[SPARK-27846][CORE] Eagerly compute Configuration.properties in sc.ha…

…doopConfiguration ## What changes were proposed in this pull request? Hadoop `Configuration` has an internal `properties` map which is lazily initialized. Initialization of this field, done in the private `Configuration.getProps()` method, is rather expensive because it ends up parsing XML configuration files. When cloning a `Configuration`, this `properties` field is cloned if it has been initialized. In some cases it's possible that `sc.hadoopConfiguration` never ends up computing this `properties` field, leading to performance problems when this configuration is cloned in `SessionState.newHadoopConf()` because each cloned `Configuration` needs to re-parse configuration XML files from disk. To avoid this problem, we can call `Configuration.size()` to trigger a call to `getProps()`, ensuring that this expensive computation is cached and re-used when cloning configurations. I discovered this problem while performance profiling the Spark ThriftServer while running a SQL fuzzing workload. ## How was this patch tested? Examined YourKit profiles before and after my change. Closes #24714 from JoshRosen/fuzzing-perf-improvements. Authored-by: Josh Rosen <rosenville@gmail.com> Signed-off-by: Dongjoon Hyun <dhyun@apple.com>
apache · Jun 10, 2019 · 95a9212 · 95a9212
1 parent 7912ab8
commit 95a9212
Showing 1 changed file with 9 additions and 0 deletions.
diff --git a/core/src/main/scala/org/apache/spark/SparkContext.scala b/core/src/main/scala/org/apache/spark/SparkContext.scala
@@ -496,6 +496,15 @@ class SparkContext(config: SparkConf) extends Logging {
     _ui.foreach(_.bind())
 
     _hadoopConfiguration = SparkHadoopUtil.get.newConfiguration(_conf)
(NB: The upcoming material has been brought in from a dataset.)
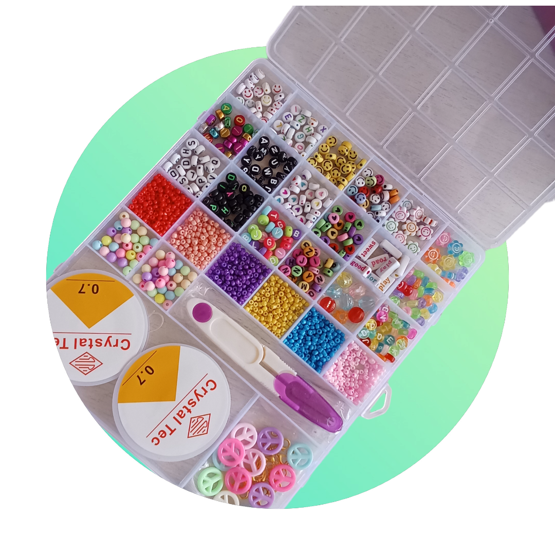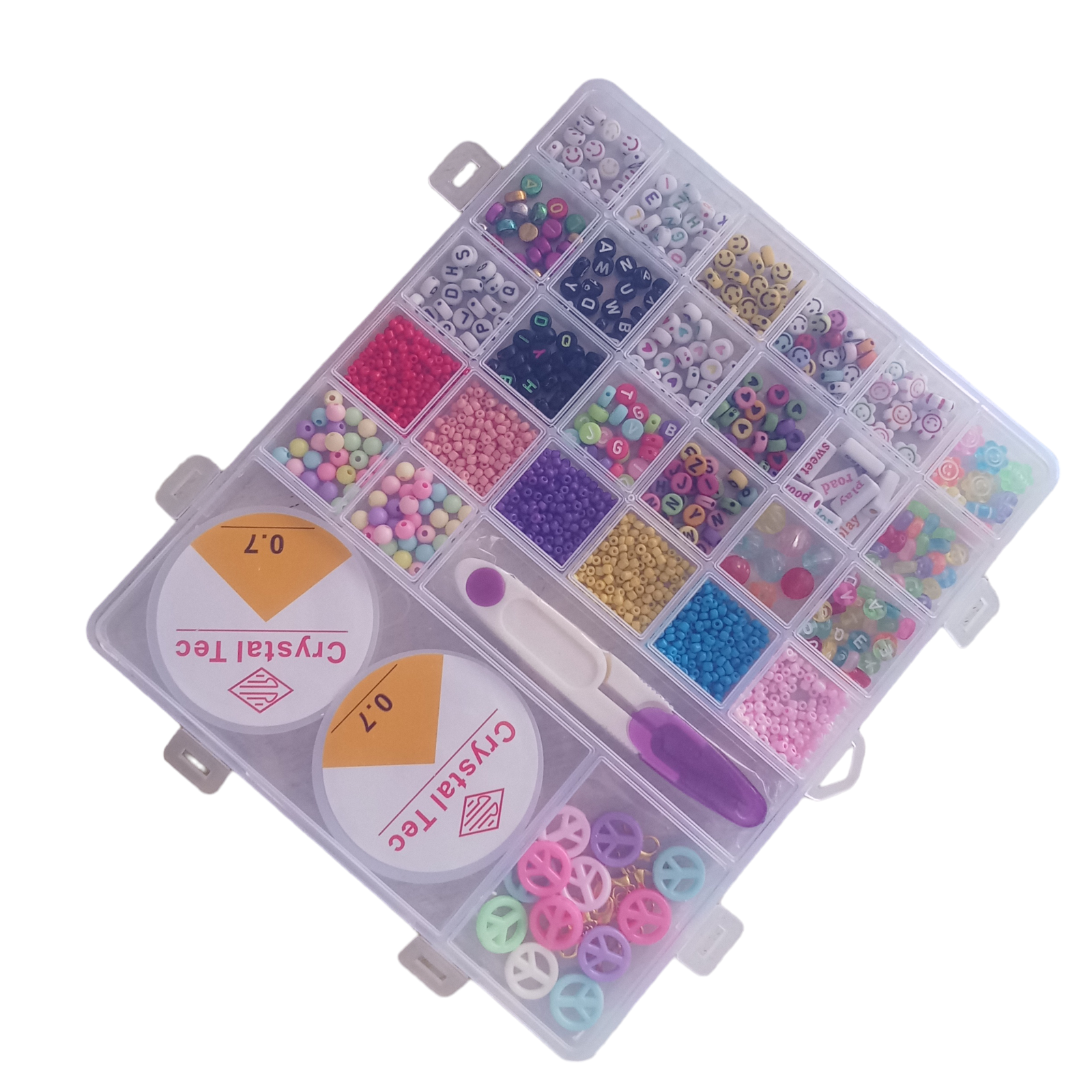 مجموعة بذور الزجاج و حبات الأحرف مع أدوات لصنع المجوهرات للأطفال 24 فتحة : Ensemble de pendentifs et de lettres pour la fabrication de bijoux enfant 24 grilles 889-51A
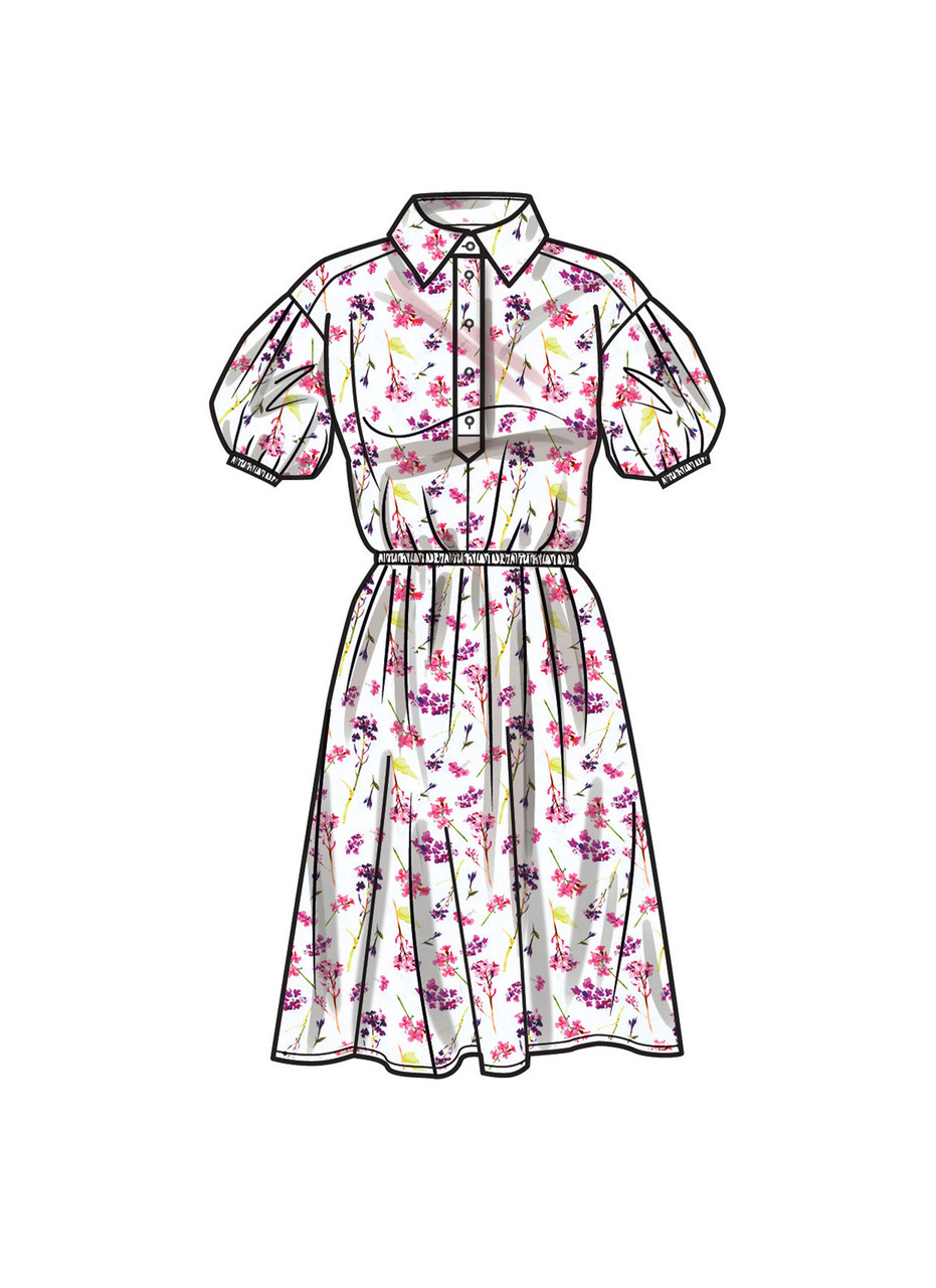 Relaxed fit shirt dress with elastic waist and side seam pockets. Includes an optional pointed collar and placket that can be made in a contrasting fabric. Dress has a forward drop shoulder with full pleated sleeves and elastic closures in two sleeve length variations. Dress also comes in two length options as well as an optional cut out at the back waist.

+    // Performance optimization: this dummy call to .size() triggers eager evaluation of
+    // Configuration's internal  `properties` field, guaranteeing that it will be computed and
+    // cached before SessionState.newHadoopConf() uses `sc.hadoopConfiguration` to create
+    // a new per-session Configuration. If `properties` has not been computed by that time
+    // then each newly-created Configuration will perform its own expensive IO and XML
+    // parsing to load configuration defaults and populate its own properties. By ensuring
+    // that we've pre-computed the parent's properties, the child Configuration will simply
+    // clone the parent's properties.
+    _hadoopConfiguration.size()
 
     // Add each JAR given through the constructor
     if (jars != null) {